Monit is a monitoring daemon process that will check every 60 seconds on configured services, pids, ports, host information, or pretty much anything you want and also take a course of action on failure/change detected.
- I decided that CFEngine while great at what it does, was too slow at restarting processes (especially as we move to a more HA environment) so I needed to find something that would catch failures and respond faster than 5 minutes. Monit appears to be the answer. Step 2 of this roll out is to have CFEngine monitor Monit so we can answer the “who watches the watchmen?” concern.

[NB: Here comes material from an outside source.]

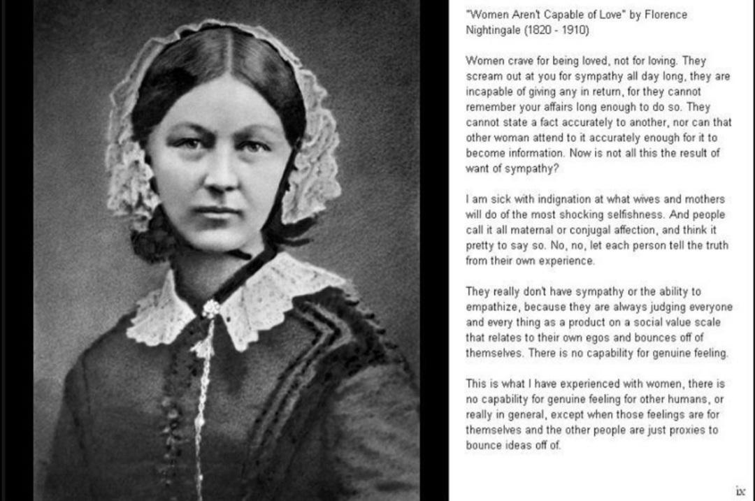 >>532550605Florence Nightingale>after seeing many Victorian wives of veterans abandon their often maimed husbands for other men.It was a hyperbolic and admittedly emotional response to how see saw these Victorian women, because as someone who worked tirelessly with these soldiers, how could she not be moved to tears and borderline rage at such callousness

Every machine monit is installed on you can go to https://machinename.example.com:2812 to view status information for that individual machine. I have setup a very restricrtive LDAP group that only allows admin to access this page.
I have setup M/Monit which is the centralized version on monit.
Each machine is configured to send all communication over SSL to M/Monit(and from M/Monit back to machine).
I like to do a yum install to setup the services correctly and then download/install the latest binary from their website as the latest version has a lot more options and flexibility than what is available in the regular CentOS repos. Monit-5.12.1 has been tested with and runs successfully on Centos 5, 6 and 7.
I created a script to do most of the heavy lifting for me and grab it from our internal RPM site.
cd /opt; wget http://rpm.example.com/kickstart/mapserver/monit-install chmod 0700 monit-install ./monit-install
yum install monit ftp cd /opt; wget http://mmonit.com/monit/dist/binary/5.12.1/monit-5.12.1-linux-x64.tar.gz; Or wget http://rpm.zedxinc.com/ZedX/monit-5.12.1-linux-x64.tar.gz (for private 10.0.25.X machines)
I have a standard monitrc, pam authentication module, and certificate for ssl traffic that I download from a local ftp site.
echo " #!/bin/bash cd /opt HOST=10.0.0.K USER=kickstart PASSWD=kickstart ftp -i -n -v 10.0.0.K << EOT binary user kickstart kickstart cd monit mget monitrc #mget pam-monit mget pam-monit-centos6 mget mmonit.pem bye EOT ">> /opt/ftp.sh chmod 755 /opt/ftp.sh /opt/ftp.sh; cp -rf /opt/monitrc /etc/ ; chmod 0700 /etc/monitrc ; cp -rf /opt/pam-moni* /etc/pam.d/monit; mv /opt/mmonit.pem /etc/certmonger/; chmod 0700 /etc/certmonger/mmonit.pem;
Most everything is set up properly in /etc/monitrc. If the machine is in our public network then we must manually change the m/monit collector IP address so that data is not going across separate networks. Monit is setup to have a 240 second start delay so that when a machine boots up there are not service start conflicts, this is very important.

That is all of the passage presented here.